You can send queries using HTTP requests. The API endpoint is https://lindas.admin.ch/query/.

For geodata¶

Animal diseases are closely linked to places. To understand their location, we will work with Swiss geodata. It is published as Linked Data. It can be accessed using API endpoint under https://ld.geo.admin.ch/query.

SPARQL client¶

Let's use SparqlClient from graphly to communicate with both databases. Graphly will allow us to:

send SPARQL queries
automatically add prefixes to all queries
format response to pandas or geopandas

import datetime
import itertools
import json

import folium
import mapclassify
import matplotlib as mpl
import matplotlib.cm
import networkx as nx
import pandas as pd
import plotly.express as px
import plotly.graph_objects as go
from bokeh.io import output_notebook, show
from bokeh.models import (Circle, CustomJS, HoverTool, LabelSet, MultiLine,
                          NodesAndLinkedEdges, Plot, TapTool)
from bokeh.palettes import Paired
from bokeh.plotting import ColumnDataSource, from_networkx
from dateutil.relativedelta import relativedelta
from folium.plugins import TimeSliderChoropleth
from graphly.api_client import SparqlClient
from plotly.subplots import make_subplots
from enum import Enum
from collections import namedtuple

# Uncomment to install dependencies in Colab environment
#!pip install mapclassify
#!pip install git+https://github.com/zazuko/graphly.git

sparql = SparqlClient("https://int.lindas.admin.ch/query")
geosparql = SparqlClient("https://ld.geo.admin.ch/query")

sparql.add_prefixes({
    "schema": "<http://schema.org/>",
    "cube": "<https://cube.link/>",
    "admin": "<https://schema.ld.admin.ch/>",
    "skos": "<http://www.w3.org/2004/02/skos/core#>",
    "disease": "<https://agriculture.ld.admin.ch/foen/animal-pest/>"   
})

geosparql.add_prefixes({
    "dct": "<http://purl.org/dc/terms/>",
    "geonames": "<http://www.geonames.org/ontology#>",
    "schema": "<http://schema.org/>",
    "geosparql": "<http://www.opengis.net/ont/geosparql#>",
})

SPARQL queries can become very long. To improve the readibility, we will work wih prefixes.

Using the add_prefixes method, we can define persistent prefixes. Every time you send a query, graphly will now automatically add the prefixes for you.

Data¶

Our goal is to understand outbreaks of animal diseases.
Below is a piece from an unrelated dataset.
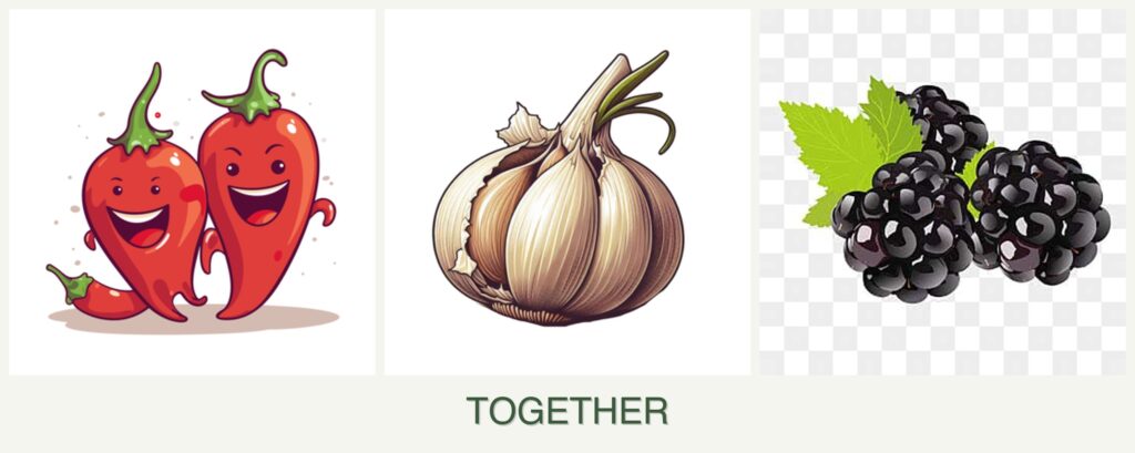 Pest Repellent Properties: Garlic’s strong scent can deter many pests, providing a protective barrier for peppers and blackberries.

First, let's take a look at the animals found in our dataset.

Animal species¶

query = """
SELECT DISTINCT ?species ?group
WHERE {
  ?s disease:animal-specie ?speciesIRI.
  ?speciesIRI schema:name ?species.
  
  ?speciesIRI skos:broader/schema:name ?group.
  
  FILTER (LANG(?species) = "de")
  FILTER (LANG(?group) = "de")
} 
ORDER BY ?group
"""

df = sparql.send_query(query)
df[0:15]

Diseases¶

Now, let's take a look at the diseases the animals can suffer from.

query = """
SELECT DISTINCT ?disease ?group
WHERE {
  ?s disease:epidemics ?diseaseIRI.
  ?diseaseIRI schema:name ?disease.
  
  ?diseaseIRI skos:broader/schema:name ?group.
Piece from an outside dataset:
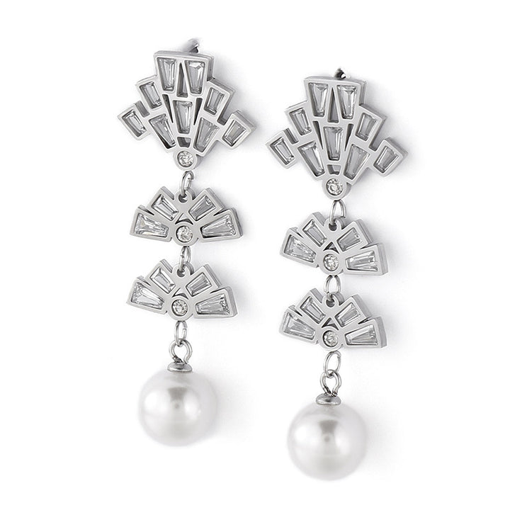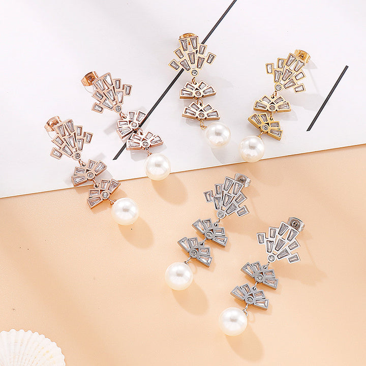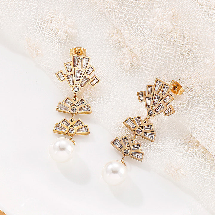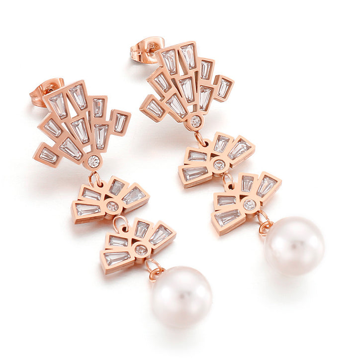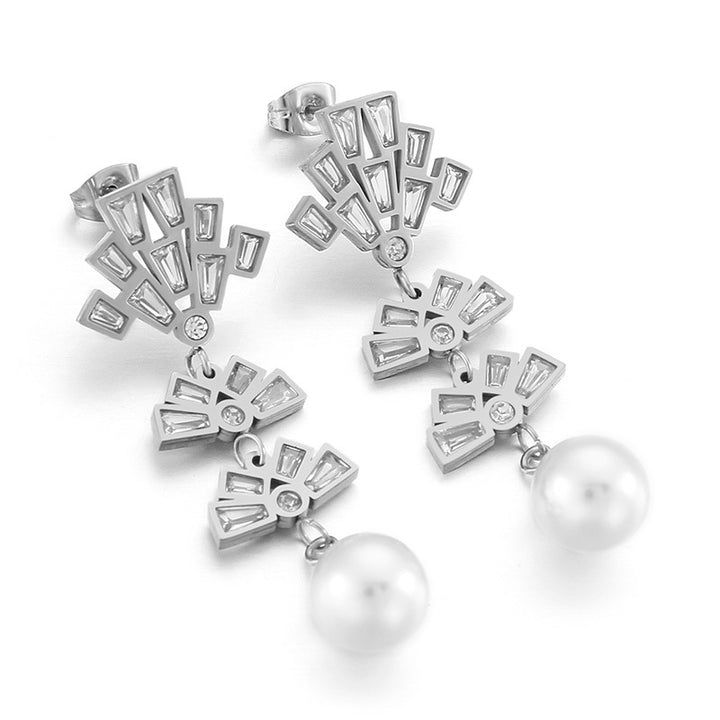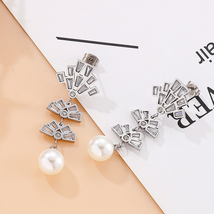 Wholesale Kalen Fan Design Pearl Drop Stud Earrings with Zircon

  FILTER (LANG(?disease) = "de")
  FILTER (LANG(?group) = "de")
}
ORDER BY ?group
"""

df = sparql.send_query(query)
df.head()

Can we link disease to animal type?¶

Thus far, we have seen all animals, and all diseases. However, not all animals will catch all diseases.
What diseases are swiss animals exposed to?

query = """
SELECT DISTINCT ?disease ?species ?group
WHERE {
  <https://agriculture.ld.admin.ch/foen/animal-pest/observation/> cube:observation ?obs .
  ?obs disease:epidemics/schema:name ?disease;
       disease:animal-specie ?speciesIRI.
       
  ?speciesIRI schema:name ?species.
  ?speciesIRI skos:broader/schema:name ?group.
  
  FILTER (LANG(?disease) = "de")
  FILTER (LANG(?species) = "de")
  FILTER (LANG(?group) = "de")
} 

ORDER BY ?species
"""
df = sparql.send_query(query)
df = df[df.group != "Wildtier"]

# Graph of disease-species relations
graph = nx.from_pandas_edgelist(df, source='disease', target='species')
groups = {key: "disease" for key in df.disease} | {key: "species" for key in df.species}

nx.set_node_attributes(graph, groups, name="group")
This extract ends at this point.